Neben den Magneten bergen auch Batterien und Akkus reichlich seltene Erden. Nickel-Metallhydrid-Zellen bestehen sogar zu sechs bis zehn Prozent daraus. Schon heute werden sie gesondert gesammelt. Jedes Jahr landen etliche Tausend Tonnen in speziellen Hochöfen, etwa bei Umicore in Hoboken oder bei Citroën im französischen Rogerville. Bei über tausend Grad Celsius schmelzen diese Betriebe die Hauptbestandteile Nickel und Eisen heraus. Die seltenen Erden – Lanthan, Cer, Praseodym und Neodym – blieben bisher ungenutzt in der Schlacke zurück. Hier kommt nun das französische Recycling-Unternehmen Rhodia ins Spiel: Seit wenigen Monaten nimmt es in der westfranzösischen Hafenstadt La Rochelle die Schlacke laut Technologiemanager Alain Rollat im niedrigen Tonnenbereich ab und gewinnt die seltenen Erden daraus zurück. "Nächstes Jahr werden es bereits einige Hundert Tonnen Batterieschlacke sein, die wir verarbeiten", kündigt Rollat an.

Weil ihre Bestandteile sich chemisch sehr ähneln, lassen sich Gemische aus seltenen Erden nur in einem aufwendigen Verfahren auftrennen: der sogenannten Solventextraktion. Sie beruht vereinfacht gesagt darauf, dass sich die verschiedenen Metalle unterschiedlich gut in einer Säure auflösen. In meterlangen Kolonnen aus Tanks fließen die gelösten seltenen Erden der phosphorsauren Flüssigkeit entgegen. "Um neun verschiedene seltene Erden voneinander zu trennen, brauchen wir acht solcher Kolonnen", erklärt Rollat. Denn in jeder Tankkolonne wird nur eine Gruppe von seltenen Erden – mit der jeweils passenden Säurekonzentration – von den anderen getrennt. Ein extrem aufwendiges Verfahren, das viel Energie und vor allem Chemikalien benötigt. Die Lösungsmittel werden aber in dem geschlossenen System komplett recycelt, sagt Rollat.
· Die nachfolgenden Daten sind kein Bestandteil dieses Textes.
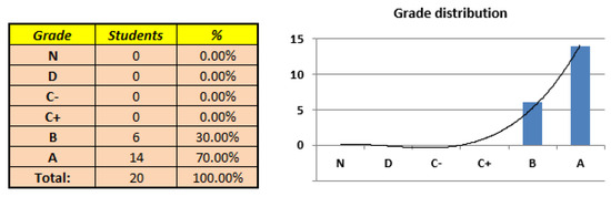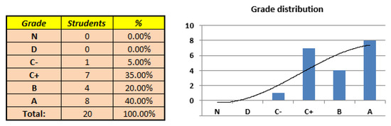Distribution of grades in the subject “Research perspectives in Educational Technology” (experimental group). The black line shows the tendency of the grade distribution.

Diese Technik basiert auf einem Verfahren, das beim Herauslösen der seltenen Erden aus Erzen eingesetzt wird. Rhodia hat es an die verschiedenen Abfallarten angepasst, will aber genauere Details der patentierten Neuerungen nicht verraten. Damit verfügt das Unternehmen als einziges in Europa über das erforderliche Know-how.

Denn um die Kosten niedrig zu halten, haben amerikanische und europäische Erzeuger von seltenen Erden in den vergangenen Jahren weite Teile der Verarbeitung nach China verlagert. Dort befinden sich ohnehin die meisten Bergwerke. Auch Rhodia versetzte seit der Jahrtausendwende fast alle seine Anlagen nach Asien. Zum Glück blieben aber vier der achtzehn Kolonnen in Frankreich in Betrieb. Mit dem Know-how-Vorteil will das Unternehmen nun ein gigantisches Recyclingprogramm aufbauen: 15 Millionen Euro flossen bereits, weitere Millionen sollen folgen.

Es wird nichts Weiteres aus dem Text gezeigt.